Ольга мельком поразилась, что Метелица обращается к ней на «вы», но тотчас заметила, что она не одна: рядом стояли еще несколько перепуганных сестер и санитарок.
– Все, что поможет людям удержаться на воде, – на левый борт. Будем постепенно спускать раненых на воду. Сами поплывем между ними, будем страховать. До левого берега рукой подать! – в сердцах махнула она рукой. – Только без паники, девочки!
В это мгновение снаряд врезался в рубку, и собравшихся в беззащитную кучку женщин накрыло осколками и взрывной волной.
Ольгу швырнуло на палубу. Уткнувшись лицом в мокрые доски, она мысленно ощупывала себя. Вроде бы жива. И даже не ранена!
Медленно приподнялась. Прямо перед ней лежала Серафима Серафимовна – со строгим выражением резко побледневшего, словно бы вылинявшего лица и стиснутыми губами. Из груди ее торчал осколок. Рядом – еще две сестры, сплошь залитые кровью.
– Симочка, – пробормотала Ольга, которой раньше и в голову бы не пришло назвать так Серафиму Серафимовну. – Вы что? Вставайте, Симочка! Товарищ майор!
Ни Симочка, ни товарищ майор не отвечали. Смотрели неподвижными, мертвыми глазами.
Кто-то сильно толкнул Ольгу в бок. Это была Аля Самарина – бледная, с головой, обмотанной бинтами и казавшейся поэтому неестественно большой.
– Давай! – крикнула она заплетающимся языком. – Некогда плакать! Доски на левый борт! Раненых на воду…
И повалилась замертво на палубу. Сквозь повязку резко проступило кровавое пятно.
Ольга громко всхлипнула и в ту же минуту зажала рот. Плакать и в самом деле было некогда…
Дальнейшее сохранилось в ее памяти какими-то обрывками. Чудилось, иногда картины, которые разворачивались перед ней, закрывал некий черный занавес. А может быть, Ольга порой впадала в беспамятство и что-то пропускала? Может быть…

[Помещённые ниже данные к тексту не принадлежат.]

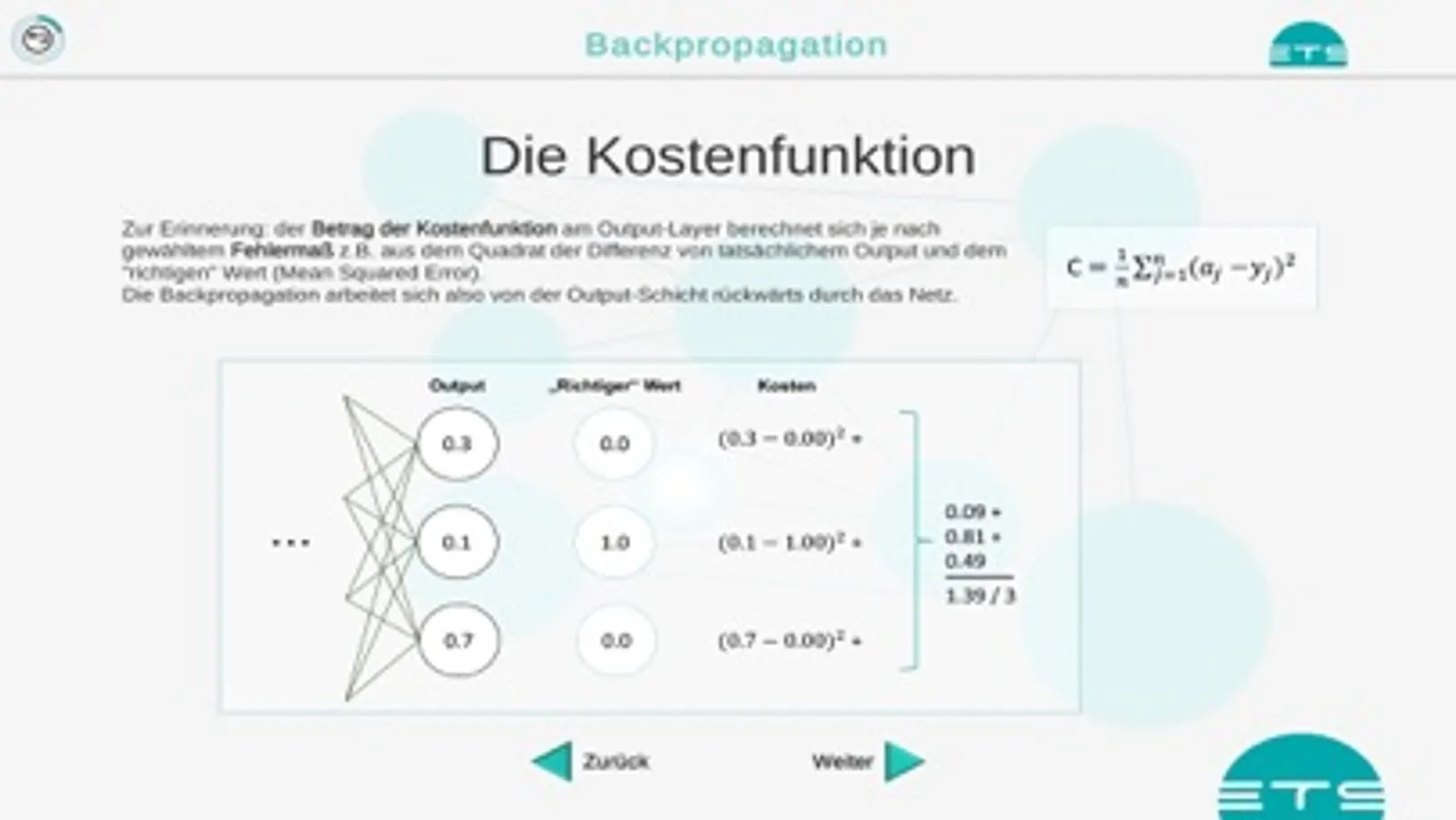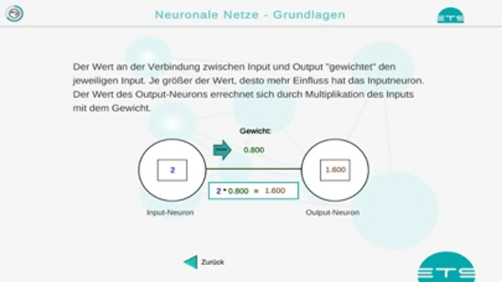 des Kursmodules KI von ETS. Als Anwendung wird auf eine Kamerabasierte Auswertung referenziert.
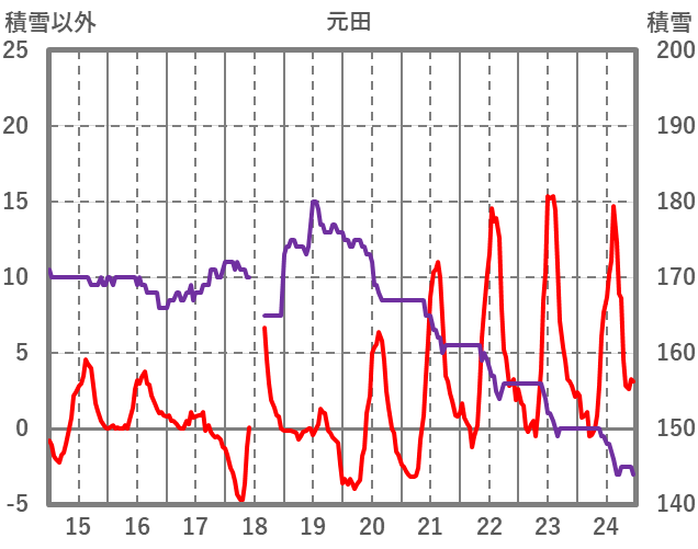 | 日 | 時 | 気温 | 降水 | 風向/風速 | 日照 | 積雪 | 降雪 |

Пароход горел, его корма все резче оседала в воду. Команды покидать судно не поступало, но командовать было некому: и начальник госпиталя, и капитан «Александра Бородина» убиты. Выскочил боцман Костин, оставшийся теперь за капитана.
– Всем за борт! – крикнул он, а сам побежал по каютам. Здесь он и столкнулся с Ольгой, которая медленно пробиралась из трюма, по очереди волоча двух оставшихся раненых. Один из них был тот самый сержант в ее поясе. Он отталкивался перебитыми ногами от пола, помогая Ольге, и бормотал:
– Я думал… бросят… а ты пришла… ты не бросила…
Протащив сержанта несколько метров, Ольга опускала его на пол и возвращалась к другому раненому: молоденькому башкиру, почти мальчишке, с бледным до зелени, заострившимся, поразительно красивым лицом, с бровями, которые напоминали две стрелы, которые вонзились в его точеную переносицу. Он ничего не говорил: только шипел что-то сквозь стиснутые зубы от нестерпимой боли.
Боцман хотел крикнуть девушке, чтобы бежала на палубу и прыгала в воду: пароход вот-вот потонет, – но поглядел в ее почти незрячие от усталости и страха глаза и понял: эта не бросит, не побежит. Кинулся к ней, с невероятной легкостью подхватил сержанта и поволок его наверх, оставив Ольге башкира.
Мальчик обнимал ее за шею худыми смуглыми руками и шипел, шипел…
– Ничего, – бормотала Ольга. – Сейчас.
И вот последняя лестница. Ольга взглянула наверх с отчаянием, вдруг осознав, что ей никогда в жизни не подняться с этим юношей, который становился с каждым мгновением все тяжелей и тяжелей.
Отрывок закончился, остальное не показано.